For this exercise, print the listing below exactly, without its pictures.
Exercise data Start Marker
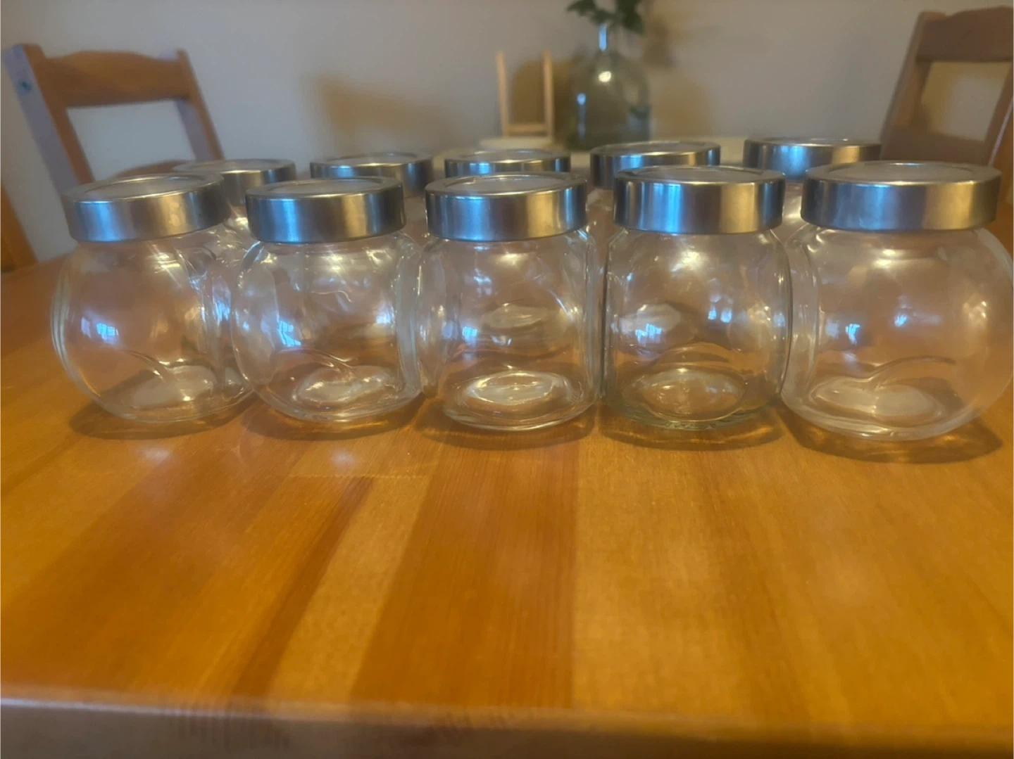 This set includes ten small glass jars, each with a silver-toned metal screw-on lid. They're perfect for storing spices, small craft supplies, or homemade jams. Jars are clear glass.
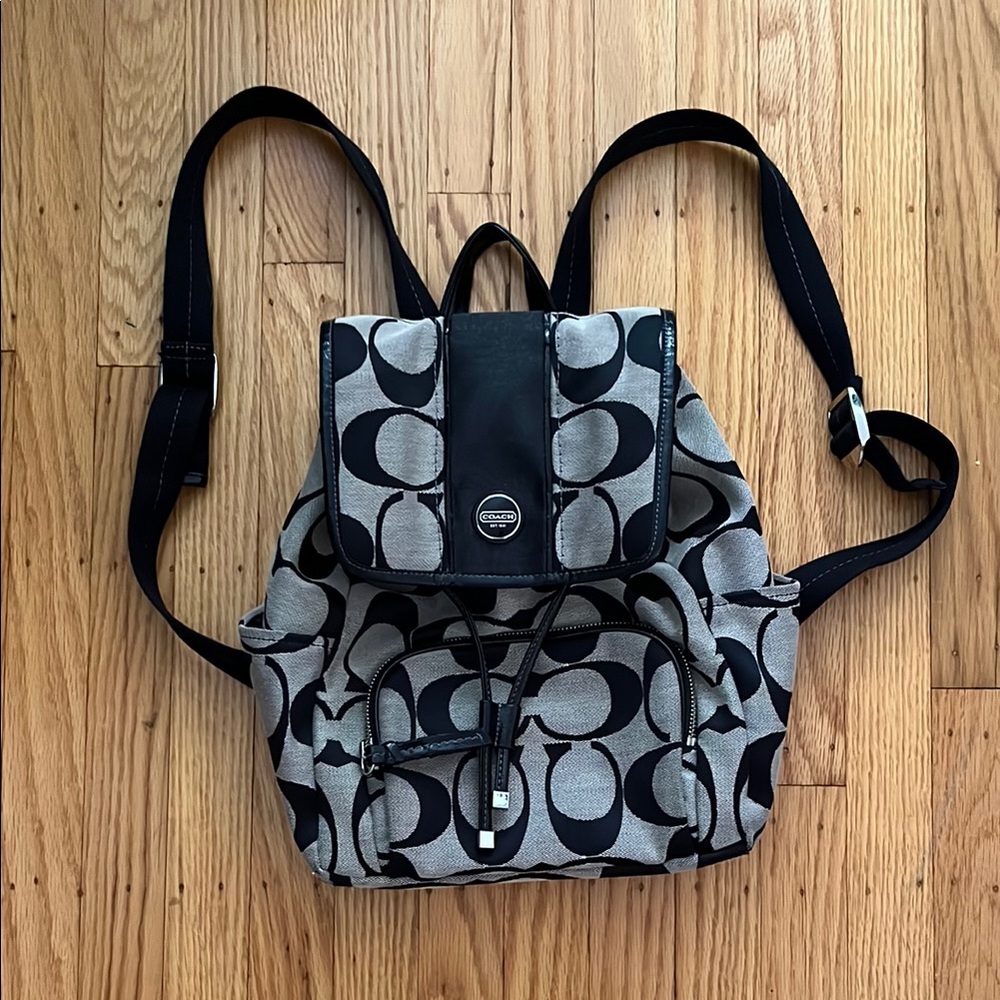 Chic Coach backpack with signature black and gray pattern. Includes adjustable straps and front pocket.
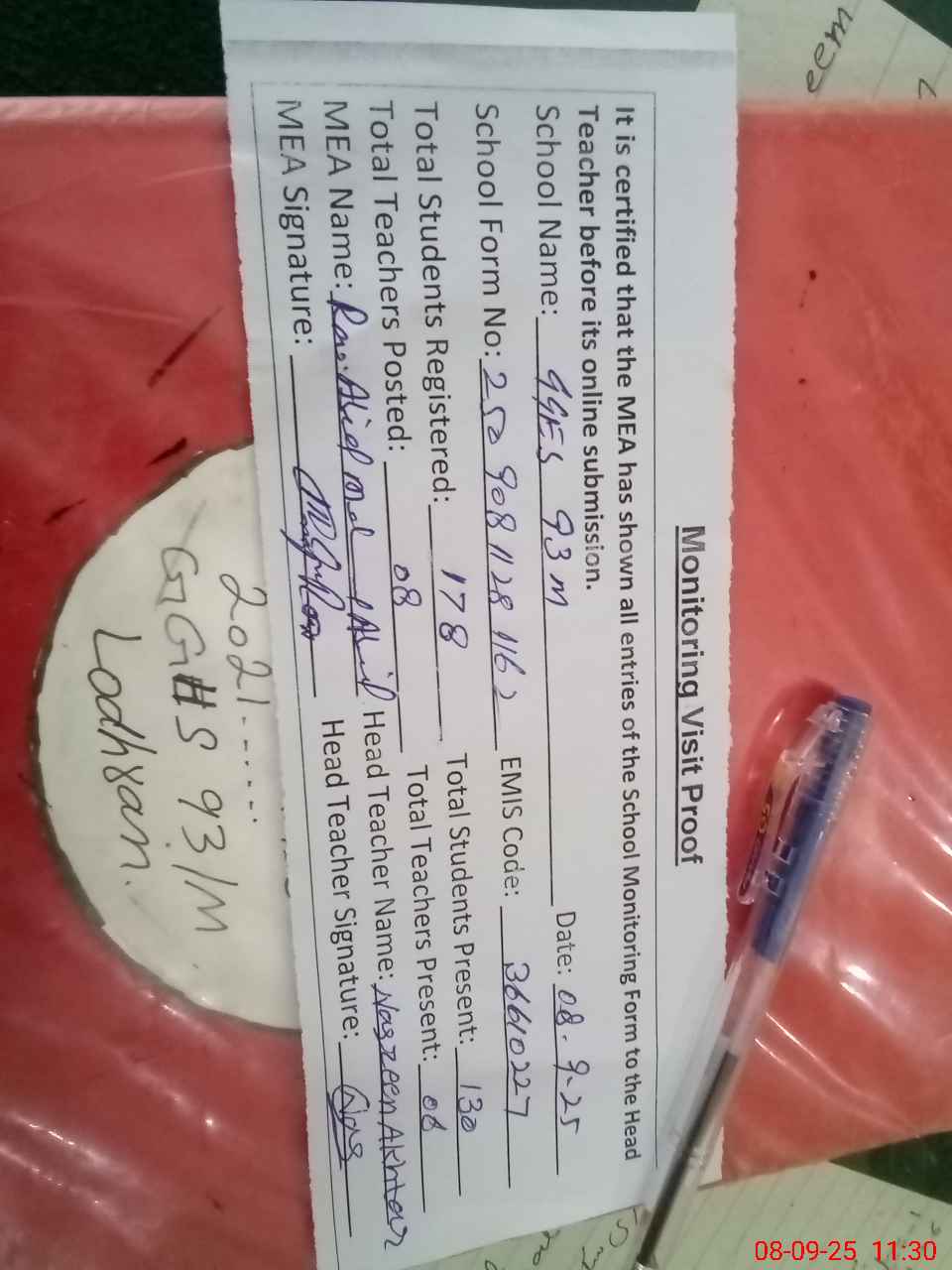 | EMIS Code: 36610227 | Name of School: GGHS 93/M LODRAAN | |||
Exercise data End Marker
* **Expected output**
 This set includes ten small glass jars, each with a silver-toned metal screw-on lid. They're perfect for storing spices, small craft supplies, or homemade jams. Jars are clear glass.
 Chic Coach backpack with signature black and gray pattern. Includes adjustable straps and front pocket.
 | EMIS Code: 36610227 | Name of School: GGHS 93/M LODRAAN | |||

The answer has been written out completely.